A rant about urban farming

(I know this one will get me into trouble…but hey, if I don’t tick someone off I’m not doing my job.)

I have mixed feelings about the increased popularity of urban farming. On one hand, I love the idea that people are becoming more involved in producing their own food. But on the other hand, the naivety of many urban farmers is scary – because they assume that home-grown food is safer and/or healthier than what they can buy at the market.

I give a lot of seminars every year, on a lot of different topics.
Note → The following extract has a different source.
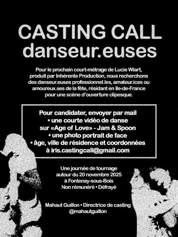Pour le prochain court-métrage de Lucie Wiart, produit par Inhérente Production, nous recherchons des danseur.euses professionnel.les, amateur.ices ou des amoureux.ses de la fête, résidant en Ile de France, pour une scène d’ouverture clipesque.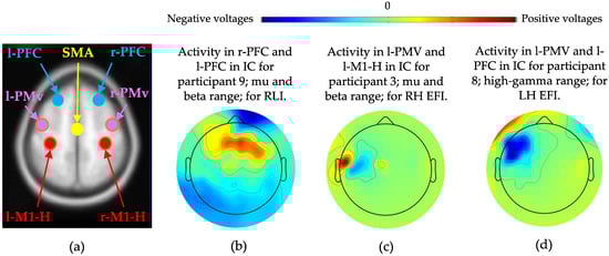 The spatial activity of each IC from the abovementioned subset of ICs was manually inspected using topographical maps from EEGLAB. The IC with the highest accuracy that also exhibited spatial activity in proximity to the ROIs (SMA, right and left M1-H, right and left PMv, and right and left PFC) was determined to be the best-performing IC.

At the end I usually have a room full of happy people, asking lots of questions and eager to go apply the new knowledge that they’ve gained. But one talk I’ve done has exactly the opposite effect. It’s the seminar I give on vegetable gardens and heavy metal contamination of urban soils. The audiences are subdued and worried. It doesn’t make me feel very good, but on the other hand I know I’ve got people thinking.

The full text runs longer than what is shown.